The position of interim dean can be pretty bewitching, as Joe Thomas will testify. He took up the temporary position at the Johnson school at Cornell University in June 2007 when Robert Swieringa stepped down as dean, pending the appointment of a permanent replacement.
Then the bug bit him. “I thought at the time I wasn’t going to [become dean]. But I love the place and the business school,” muses Professor Thomas. “Eventually they asked more persuasively...”
Prof Thomas was not the first dean to be so tempted. At Harvard Business School, Jay Light became interim dean in August 2005 and then took the appointment proper in April 2006 because, he said, he was getting to like the job. More recently, Andrew Likierman at London Business School was interim dean between January and September 2007, a period he described as frustrating because he was just handing on the job from one dean to another. He signed a five-year contract as dean of LBS in January this year.
All three deans are longstanding members of the faculty, with vast institutional knowledge. Prof Thomas joined Cornell in 1967 and rose through the ranks to become a chaired professor.
They are also drawing their deans’ salaries when most people would be drawing a pension. Both Prof Light and Prof Likierman were 64 when they accepted the role. Prof Thomas was 66 when he was appointed in March 2008.
Not that you would know. With the mental agility of a man half his age and a globetrotting agenda to make most people weep with fatigue, Prof Thomas says he now misses teaching full courses on the MBA programme in his specialist subject of supply chain integration and manufacturing strategy. But, he adds: “I do make cameo appearances.”
Prof Thomas acknowledges this is a difficult time to become dean, with real problems in finding jobs for this year’s graduating students. Although many Cornell graduates already have jobs in hand, others have not. But, like many other institutions, the Johnson school has beefed up its careers office. “The two things we would defend are placement and our academic programmes,” says the dean.
Like many an internal appointee, Prof Thomas sees his main role as continuing the success of the business school rather than bringing about revolutionary change. He intends to retain the balance between academic and practical learning. “People must learn the theory – there’s nothing so practical as a good theory – but they need to put it into practice.”
His second aim is consolidation of the business school’s links with the main university, one of the largest of the Ivy Leagues, by building on existing programmes in areas such as hospitality and financial engineering.
Third, he wants to build on the community strengths of the business school, which is small by US standards, with just above 300 students enrolling in the first year of the two-year MBA each year and a faculty of about 60.
But there are also things he wants to develop. Top of his list is the need to make the Johnson School a global one, which at first sounds problematic given Cornell’s isolated location in Ithaca in New York state. But the school is learning how to overcome that.
Attracting overseas students to the MBA programme has taken a knock this year, probably because of the unavailability of student loans owing to the credit crunch. He reports that, although domestic applications are rising, those from overseas students are down by about 20 per cent.
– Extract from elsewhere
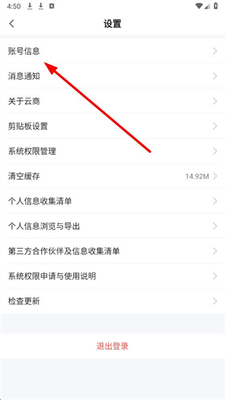 3、在设置界面,找到账号信息选项并点击,进入账号信息的详情页面。

But he has other weapons in his armoury. Undoubtedly one of the school’s most global programmes is the EMBA it runs with Queen’s University in Canada, which is conducted simultaneously in more than a dozen locations in the two countries, using video-conferencing.
“Once you learn how to do this, there is no reason you can’t have people [studying] in North America, Europe and Asia all at the same time,” says Prof Thomas. “In the future, I’d like to see a truly global MBA.”
He also intends to build on the school’s community approach to give individual students a more personalised experience, with targeted advice. “I believe the world is complicated enough...that we need to have more individualised help – and our size means we can do that.”